Ollama Provider API Reference¶

The OllamaProvider class implements the AIProvider interface for the Ollama service. It provides methods for text generation and chat functionality using locally hosted models through Ollama.

Class Definition¶

Bases: AIProvider

Ollama-specific implementation of the AIProvider abstract base class.

This class provides methods to interact with Ollama's models for text generation and chat functionality.

Attributes:

Name	Type	Description
`client`	`OllamaClientProtocol`	The Ollama client used for making API calls.

Parameters:

Name	Type	Description	Default
`host`	`Optional[str]`	The host address for the Ollama server. If not provided, the default Ollama client will be used.	`None`

Raises:

Type	Description
`ImportError`	If the Ollama package is not installed.

Examples:

Initialize the Ollama provider:

provider = Provider(host="http://localhost:11434")

Source code in clientai/ollama/provider.py

class Provider(AIProvider):
    """
    Ollama-specific implementation of the AIProvider abstract base class.

    This class provides methods to interact with Ollama's models for
    text generation and chat functionality.

    Attributes:
        client: The Ollama client used for making API calls.

    Args:
        host: The host address for the Ollama server.
            If not provided, the default Ollama client will be used.

    Raises:
        ImportError: If the Ollama package is not installed.

    Examples:
        Initialize the Ollama provider:
        ```python
        provider = Provider(host="http://localhost:11434")
        ```
    """

    def __init__(self, host: Optional[str] = None):
        if not OLLAMA_INSTALLED or Client is None:
            raise ImportError(
                "The ollama package is not installed. "
                "Please install it with 'pip install clientai[ollama]'."
            )
        self.client: OllamaClientProtocol = cast(
            OllamaClientProtocol, Client(host=host) if host else ollama
        )

    def _stream_generate_response(
        self,
        stream: Iterator[OllamaStreamResponse],
        return_full_response: bool,
    ) -> Iterator[Union[str, OllamaStreamResponse]]:
        """
        Process the streaming response from Ollama API for text generation.

        Args:
            stream: The stream of responses from Ollama API.
            return_full_response: If True, yield full response objects.

        Yields:
            Union[str, OllamaStreamResponse]: Processed content or
                                              full response objects.
        """
        for chunk in stream:
            if return_full_response:
                yield chunk
            else:
                yield chunk["response"]

    def _stream_chat_response(
        self,
        stream: Iterator[OllamaChatResponse],
        return_full_response: bool,
    ) -> Iterator[Union[str, OllamaChatResponse]]:
        """
        Process the streaming response from Ollama API for chat.

        Args:
            stream: The stream of responses from Ollama API.
            return_full_response: If True, yield full response objects.

        Yields:
            Union[str, OllamaChatResponse]: Processed content or
                                            full response objects.
        """
        for chunk in stream:
            if return_full_response:
                yield chunk
            else:
                yield chunk["message"]["content"]

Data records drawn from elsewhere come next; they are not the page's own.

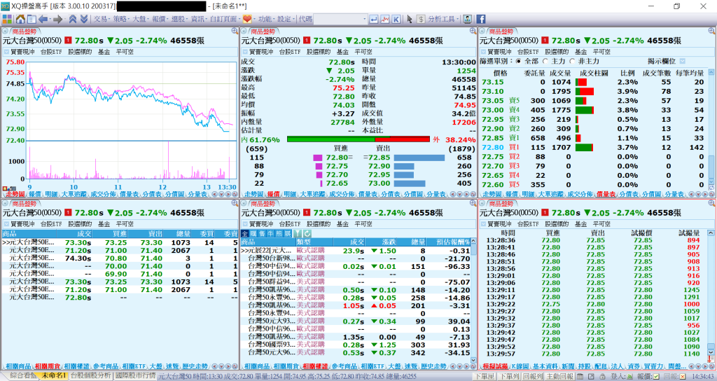 XQ台股即時行情, 全台獨家七大指標,盤中看大單一眼看穿!點我查看詳細介紹 提供台股證券、期貨、選擇權、興櫃市場交易時段即時行情。 模組內容介紹如下。
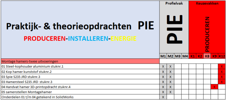 De Montagehamer is een leuk project dat door verscheidene leerlingen uit de afdeling PIE wordt gekozen. De leerling kan kiezen uit twee verschillende uitvoeringen, maar mag ze ook alle twee maken. Het is een opdracht die vrij snel te realiseren is en voornamelijk op een draaibank wordt uitgevoerd.
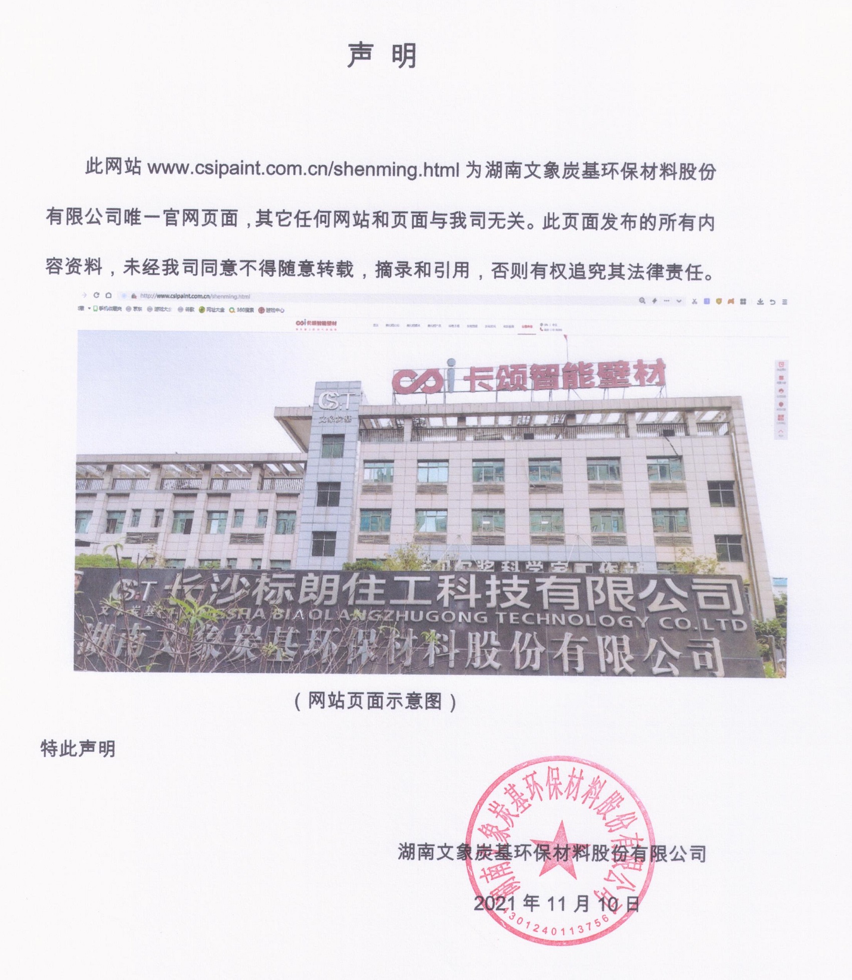 Announcement statement湖南文象炭基环保材料股份有限公司(以下简称“文象炭基”)成立于2010年,是集研发、生产、销售功能型室内装饰材料的企业。
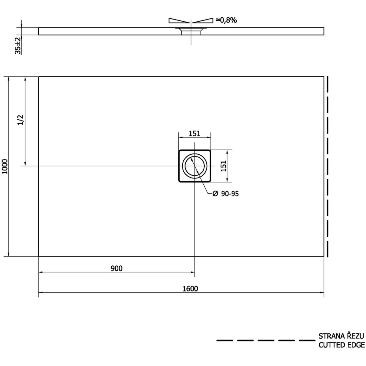 - Eine Seite der Duschwanne in dieser Größe ist zugeschnitten (nicht fertiggestellt – siehe Schema), die Duschwanne sollte so platziert werden, dass die markierte Seite nicht sichtbar ist
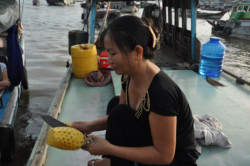 Die Frau unseres Bootsführers hat uns leckere Ananas geschnippelt
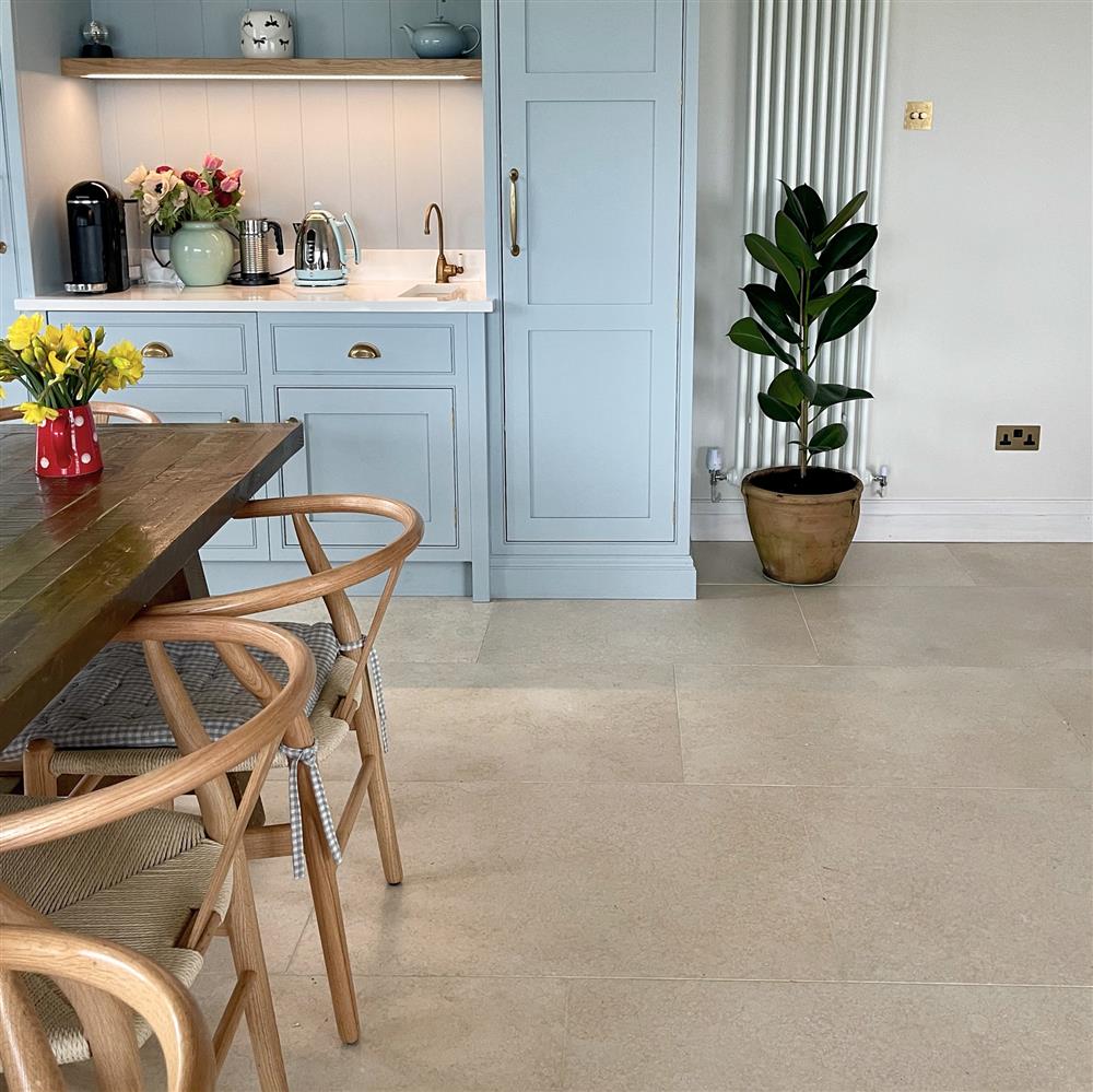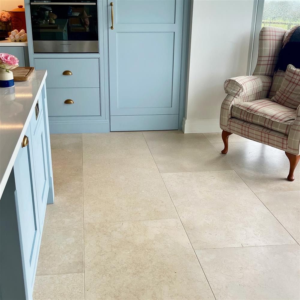 “I love the soft and light look the St Emilion Limestone creates, they go beautifully with our light blue kitchen and white stone worktop.”

    def _map_exception_to_clientai_error(self, e: Exception) -> ClientAIError:
        """
        Maps an Ollama exception to the appropriate ClientAI exception.

        Args:
            e (Exception): The exception caught during the API call.

        Returns:
            ClientAIError: An instance of the appropriate ClientAI exception.
        """
        message = str(e)

        if isinstance(e, ollama.RequestError):
            if "authentication" in message.lower():
                return AuthenticationError(
                    message, status_code=401, original_error=e
                )
            elif "rate limit" in message.lower():
                return RateLimitError(
                    message, status_code=429, original_error=e
                )
            elif "not found" in message.lower():
                return ModelError(message, status_code=404, original_error=e)
            else:
                return InvalidRequestError(
                    message, status_code=400, original_error=e
                )
        elif isinstance(e, ollama.ResponseError):
            if "timeout" in message.lower() or "timed out" in message.lower():
                return TimeoutError(message, status_code=408, original_error=e)
            else:
                return APIError(message, status_code=500, original_error=e)
        else:
            return ClientAIError(message, status_code=500, original_error=e)

    def generate_text(
        self,
        prompt: str,
        model: str,
        return_full_response: bool = False,
        stream: bool = False,
        **kwargs: Any,
    ) -> OllamaGenericResponse:
        """
        Generate text based on a given prompt using a specified Ollama model.

        Args:
            prompt: The input prompt for text generation.
            model: The name or identifier of the Ollama model to use.
            return_full_response: If True, return the full response object.
                If False, return only the generated text. Defaults to False.
            stream: If True, return an iterator for streaming responses.
                Defaults to False.
            **kwargs: Additional keyword arguments to pass to the Ollama API.

        Returns:
            OllamaGenericResponse: The generated text, full response object,
            or an iterator for streaming responses.

        Examples:
            Generate text (text only):
            ```python
            response = provider.generate_text(
                "Explain the concept of machine learning",
                model="llama2",
            )
            print(response)
            ```

            Generate text (full response):
            ```python
            response = provider.generate_text(
                "Explain the concept of machine learning",
                model="llama2",
                return_full_response=True
            )
            print(response["response"])
            ```

            Generate text (streaming):
            ```python
            for chunk in provider.generate_text(
                "Explain the concept of machine learning",
                model="llama2",
                stream=True
            ):
                print(chunk, end="", flush=True)
            ```
        """
        try:
            response = self.client.generate(
                model=model, prompt=prompt, stream=stream, **kwargs
            )

            if stream:
                return cast(
                    OllamaGenericResponse,
                    self._stream_generate_response(
                        cast(Iterator[OllamaStreamResponse], response),
                        return_full_response,
                    ),
                )
            else:
                response = cast(OllamaResponse, response)
                if return_full_response:
                    return response
                else:
                    return response["response"]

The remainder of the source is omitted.